Treatment for Demodectic Mange
Amitraz dips (Mitaban) or daily ivermectin are the most common drugs used to treat demodectic mange. These drugs are not that old. Before their existence, a severe case of generalized Demodex could be a death sentence. Some cases are still difficult to treat and some clients consider euthanasia.
Although some cases of generalized Demodex can take months to cure, with combinations of dips and oral medications, we usually achieve success. But the labor-intensive dips, daily medications and repeat visits to the vet get many clients frustrated.
Pups with one or two small Demodex lesions are considered to have localized disease. These may go away on their own without treatment. Occasionally, a single lesion is found on an older dog, and we definitely don’t treat these cases unless the lesions spread.
Treatment for Sarcoptic Mange
Not too many diseases are revolutionized by the discovery of a drug, but that’s what ivermectin did for the treatment of Sarcoptes.
Do you all remember the commercial about “the heartbreak of psoriasis”? Well, the heartbreak of Sarcoptes was a dog’s equivalent. Stinky lyme sulfur dips and baths were used with varying degrees of success before ivermectin.
Because certain breeds can be very sensitive to ivermectin, a newer, related product — selamectin (Revolution) — is a monthly topical heartworm preventive labeled to treat Sarcoptes and safe to use in all breeds. This, now, is my first choice for the treatment of sarcoptic mange.
Lyme sulfur dips can be effective. However, this dip smells like rotten eggs thrown on excrement. I hate to use it.
The Problem With Collies
I love collies and all the herding breeds. Unfortunately, collies, Aussies and other breeds can carry the MDR1 gene (multidrug resistance gene) that makes the use of high doses of ivermectin out of the question. These dogs can be treated with selamectin at normal doses.
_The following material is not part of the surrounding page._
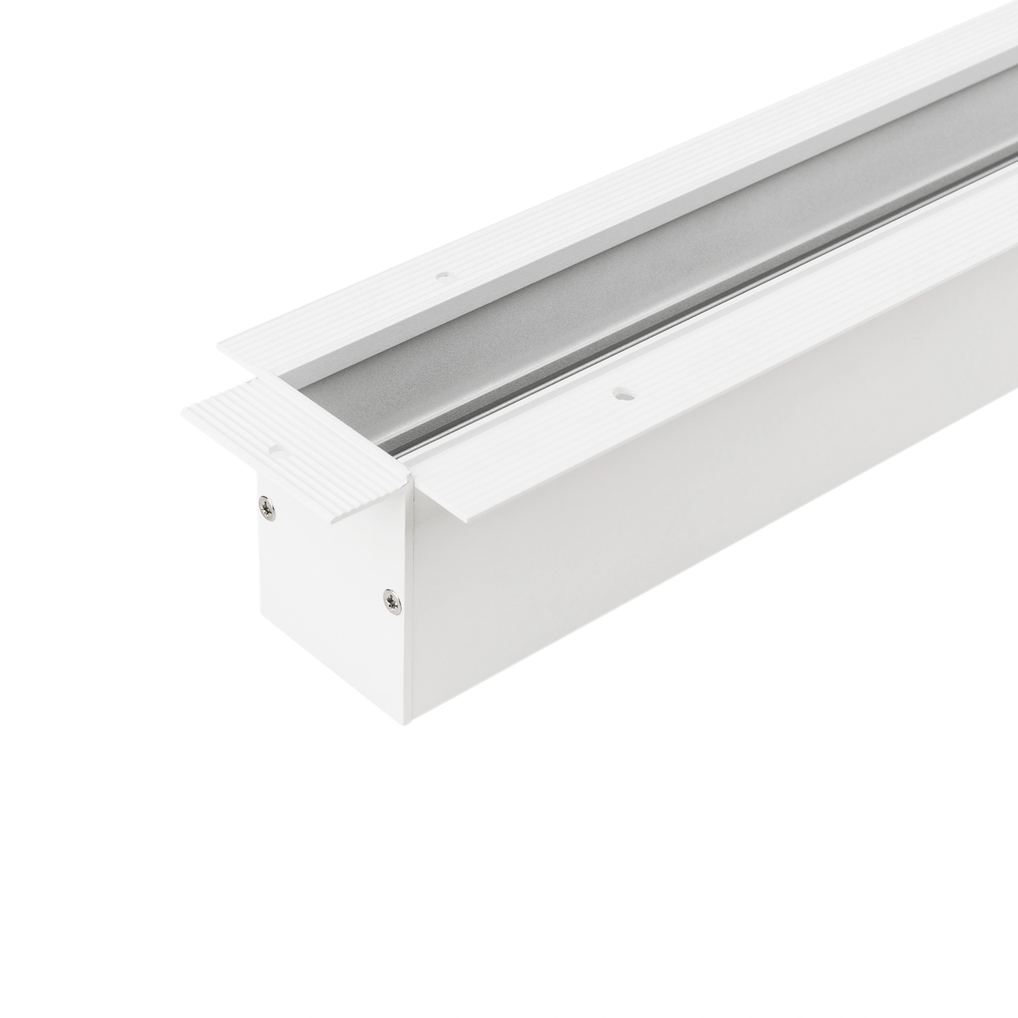 Встраиваемый магнитный трек с фланцем, длина 1540мм. DC24V. Материал алюминий, цвет белый. Две заглушки в комплекте. Размер ДxШxВ: 1500x45x60мм. Размер (с учетом заглушек и фланцев) ДxШxВ: 1540x75x60мм. Установка в отверстие ДхШхВ 1515x50x70мм.

Natural Remedies for Mange?
Generalized cases of Demodex and Sarcoptes are serious. Left untreated or treated with ineffective products, the mite infestation becomes more difficult to treat.
The large majority of veterinary dermatologists don’t believe home remedies for mange are effective. If you try recipes including hydrogen peroxide, vinegar, borax and other household items, do yourself a favor: If you don’t see significant improvement quickly, get to the vet!
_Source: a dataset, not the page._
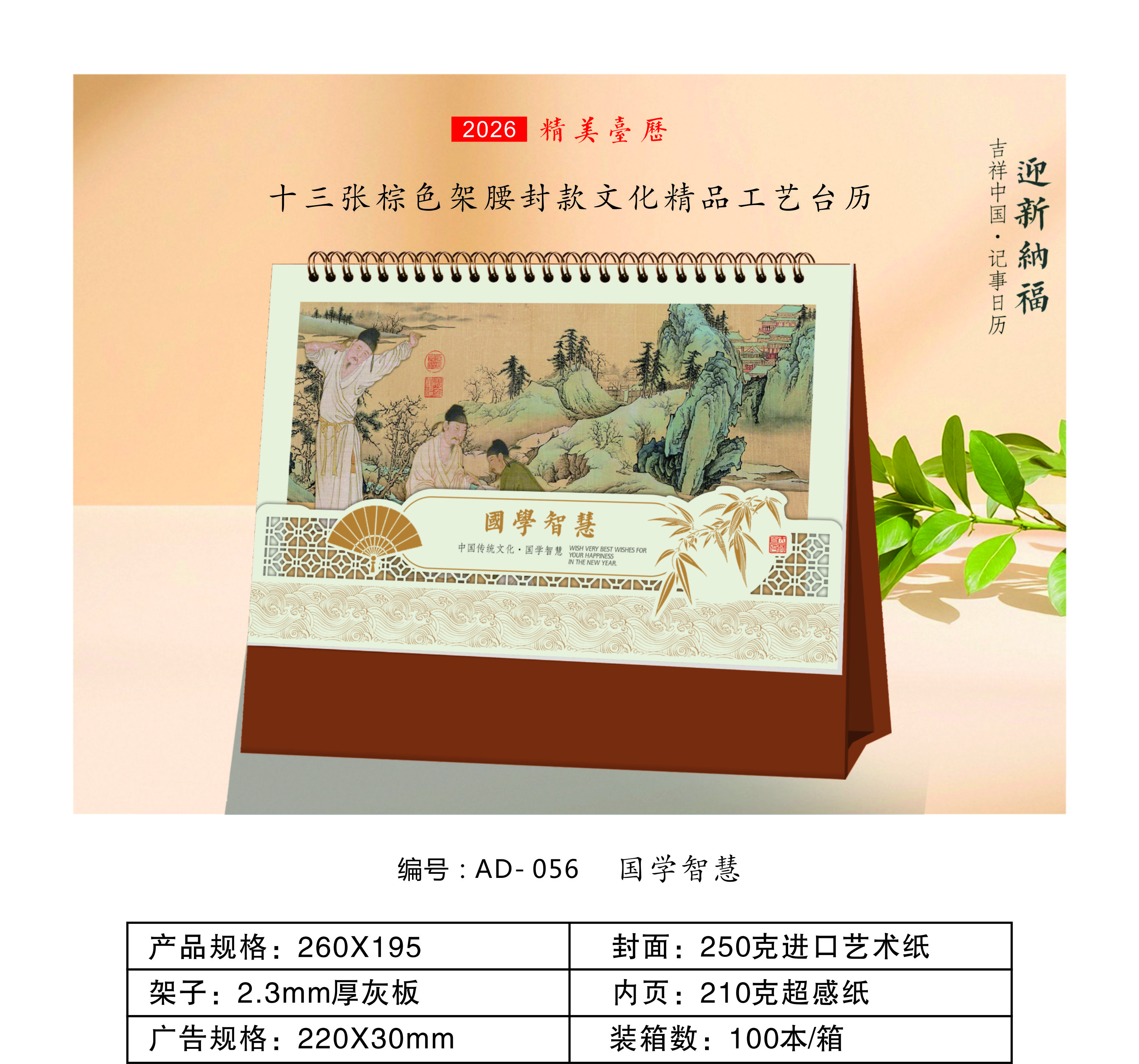 十三张棕色架腰封款文化精品工艺台历-国学智慧

I checked with a number of holistic vet colleagues. They like to use natural immune system support products for mange cases, but the vast majority reach for dips or ivermectin to achieve a cure.
When Demodex or Sarcoptes cases are not responding to treatment, the dog may have an underlying disease or be immunosuppressed.
Older dogs that develop mange should undergo testing for endocrine, metabolic or neoplastic disease. If a dog is immunocompromised for any number of reasons, curing mange can be difficult. These dogs need a full medical workup.
Many other breeds are predisposed. Here is the list, probably not exhaustive:
- Old English sheepdog
- Afghan Hound
- Shar pei
- German Shepherd
- Great Dane
- Shih tzu
- Fox terrier
Most veterinarians recommend not breeding a dog with demodectic mange because of the genetic component. Many breeders don’t like to hear this, and often insist “they have never seen it in their line before.” I question their veracity in many circumstances. Puppies often clear a mild Demodex infection and unscrupulous breeders breed that dog or sell it as a potential breeder. Certainly, Demodex is prevalent in puppy mills.
If you think your dog is exhibiting any signs of Demodex or Sarcoptes, get a diagnosis from your veterinarian and begin treatment.